The advent of LLMs has catalyzed a transformative shift in AI, enabling intelligent agents capable of reasoning, perception, and action across domains. Designing, evaluating, and continuously improving such agents presents multifaceted challenges.

This survey provides a comprehensive overview of Foundation Agents, framed through brain-inspired modular architectures that integrate insights from cognitive science, neuroscience, and computation.

Key Contributions

  • Proposes a modular framework mapping agent components to brain functionalities (memory, modeling, goals, emotions).

  • Explores self-improvement and continual adaptation through evolutionary mechanisms.

  • Examines multi-agent systems and emergent collective intelligence.

  • Addresses safety, robustness, and alignment challenges in real-world deployment.

3. Atom of Thoughts for Markov LLM Test-Time Scaling

Abstract

LLMs benefit from scaling during training, and test-time scaling further enhances reasoning. However, accumulated historical context can waste compute and hinder reasoning.

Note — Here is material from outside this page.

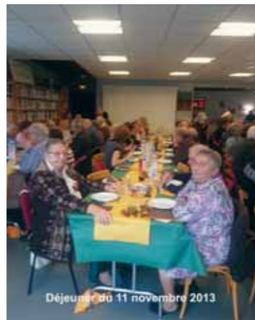
Déjeuner du 11 novembre 2013

Le déjeuner du 11 novembre a toujours le même succès. C'est dans une ambiance conviviale et chaleureuse que le repas « maison » s'est déroulé. Les tables à peine débarrassées, ce sont les joueurs de cartes et de scrabble qui se sont installés pour poursuivre agréablement l'après-midi.

The paper introduces Atom of Thoughts (AoT), which decomposes complex reasoning into atomic, memoryless sub-questions, forming a Markov-like reasoning process.

Key Contributions

  • Defines atomic reasoning: decomposing questions into DAG subproblems and contracting them.

  • Provides compatibility as a plug-in for existing test-time scaling methods.

  • Improves efficiency by reducing context redundancy and computational waste.

  • Demonstrates significant performance gains across six benchmarks.

4. Self-Supervised Prompt Optimization (SPO)

Abstract

High-quality prompts are crucial for enhancing LLM reasoning but manual prompt design requires expertise and iteration. Existing automated methods rely heavily on labeled references, limiting real-world applicability.

SPO introduces a self-supervised framework that discovers effective prompts for both closed- and open-ended tasks without external references.

Key Contributions

  • Self-supervised signals derived purely from LLM outputs.

  • Uses LLMs as both evaluator and optimizer.

  • Achieves state-of-the-art performance with 1–5% of the cost of traditional methods.

5. Improving Context Fidelity via Native Retrieval-Augmented Reasoning (CARE)

Abstract

LLMs often hallucinate answers inconsistent with given context. Traditional solutions either require expensive supervised datasets or rely on external retrieval that underutilizes user-provided context.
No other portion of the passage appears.